1

I'm working on a Spark application in which I have an RDD[Array[Array[Float]] and I'd like to convert it into an RDD[Float]. I'm having the following code to do this task for me:

val values = predictions.flatMap { x => (for(y <- 0 to x.length - 1) yield x(y)).map(c => c(0)) }    

However I don't know whether the order of elements are changed after using flatMap or not? If so, is there any other solution that remain the order of elements intact?

HHH
  • 6,085
  • 20
  • 92
  • 164

2 Answers2

7

Yes, flatMap keeps the order intact. So do map, filter, etc.

Alexey Romanov
  • 167,066
  • 35
  • 309
  • 487
  • So let'say my original rdd looks loke this : rdd([[1,2],[3,4],[5,6]]), after the applying my transformation I will get Rdd(1,2,3,4,5,6). Is that correct? – HHH Jun 24 '16 at 13:43
  • Not really. But I don't know if the situation should be included. Consider this [code snippet](https://scastie.scala-lang.org/jrOA5IUQRiatUe63DVbXfw). Since the `flatMap` is applied on a `Set`, there's no order to preserve. – Max Wong Dec 17 '20 at 21:34
  • @YanqiHuang The question is about `flatMap` on `RDD`. – Alexey Romanov Dec 17 '20 at 23:54
  • @AlexeyRomanov Oh. My bad. That was a blunder.
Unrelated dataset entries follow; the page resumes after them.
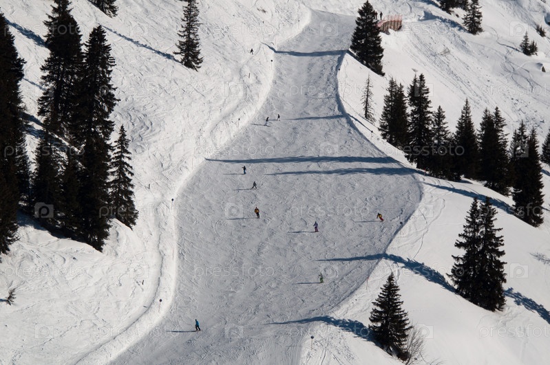 Горнолыжная трасса, окруженная деревьями, в солнечный день в горах Монтафон, Австрия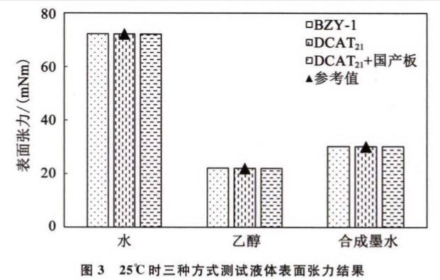 使用BZY-1表面張力儀(原配國產鉑金板)、表面張力儀(原配進口鉑金板)和表面張力儀(選配國產鉑金板)對水、無水乙醇、合成墨水進行表面張力測試,測試結果如圖3所示。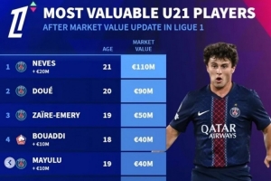 体育资讯12月15日讯 德转更新了法甲球员身价情况,并列出了U21最贵身价榜,内维斯压杜埃居首。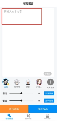 指尖配音是一款由合肥比派网络科技有限公司所研发的配音录制软件。为用户带来智能化的配音服务,输入文案就能进行语音的转换,并发出不同具有特色的声音,完善你的作品,赋予作品的灵魂。用户可以在软件中挑选自己喜欢的类型进行实时使用,帮助用户轻松制作出精美的音频内容,让用户轻松完成不同的配音服务。还具有十分丰富的配音神作,用户可以跟着学习。
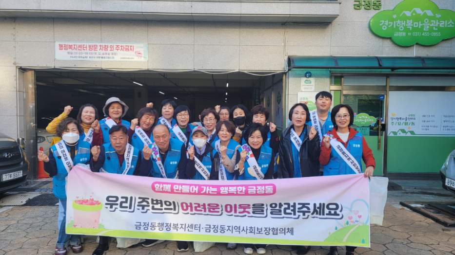 이날 캠페인에는 금정동 지역사회보장협의체 위원 및 직원 등 21명이 5개조로 구성하여 관내 유동 인구가 많은 거리 및 취약계층 밀접지역 내 부동산, 복권방, 편의점 등 생활 밀착형 상가를 중심으로 복지사각지대발굴 안내문과 홍보물품을 배부하면서, 어려운 이웃을 발견할 경우 즉각 제보해달라고 요청했다.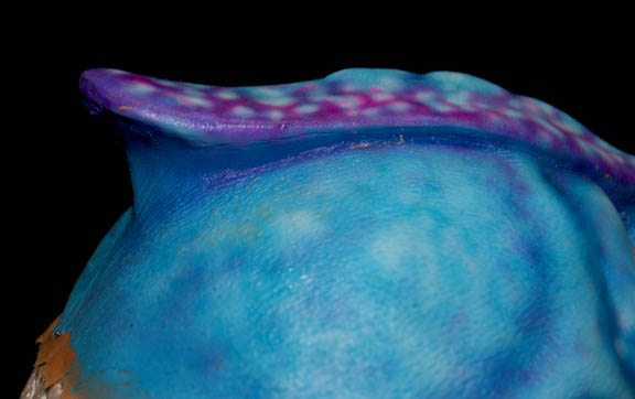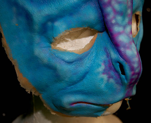 Description: This interesting blue and purple alien prosthetic was made for the filming of Star Trek episodic television. The actual prosthetic is the same as the alien creature featured in the Star Trek: Voyager episode “The Voyager Conspiracy”, however the episode alien is tan and brown as opposed to blue and purple. This may have been a study for the alien however the tanned version was chosen instead.

Thanks for pointing that out :) – Max Wong Dec 18 '20 at 15:50
1

I have looked into the Spark source code.

def flatMap[U: ClassTag](f: T => TraversableOnce[U]): RDD[U] = withScope {
    val cleanF = sc.clean(f)
    new MapPartitionsRDD[U, T](this, (context, pid, iter) => iter.flatMap(cleanF))
}

and

private[spark] class MapPartitionsRDD[U: ClassTag, T: ClassTag](
    var prev: RDD[T],
    f: (TaskContext, Int, Iterator[T]) => Iterator[U],  // (TaskContext, partition index, iterator)
    preservesPartitioning: Boolean = false)
  extends RDD[U](prev) {

  override val partitioner = if (preservesPartitioning) firstParent[T].partitioner else None

  override def getPartitions: Array[Partition] = firstParent[T].partitions

  override def compute(split: Partition, context: TaskContext): Iterator[U] =
    f(context, split.index, firstParent[T].iterator(split, context))

  override def clearDependencies() {
    super.clearDependencies()
    prev = null
  }
}

The order of data should remain intact but some repartitioning may take place and this may or may not bother you (depending on what you are doing).

sebszyller
  • 853
  • 4
  • 10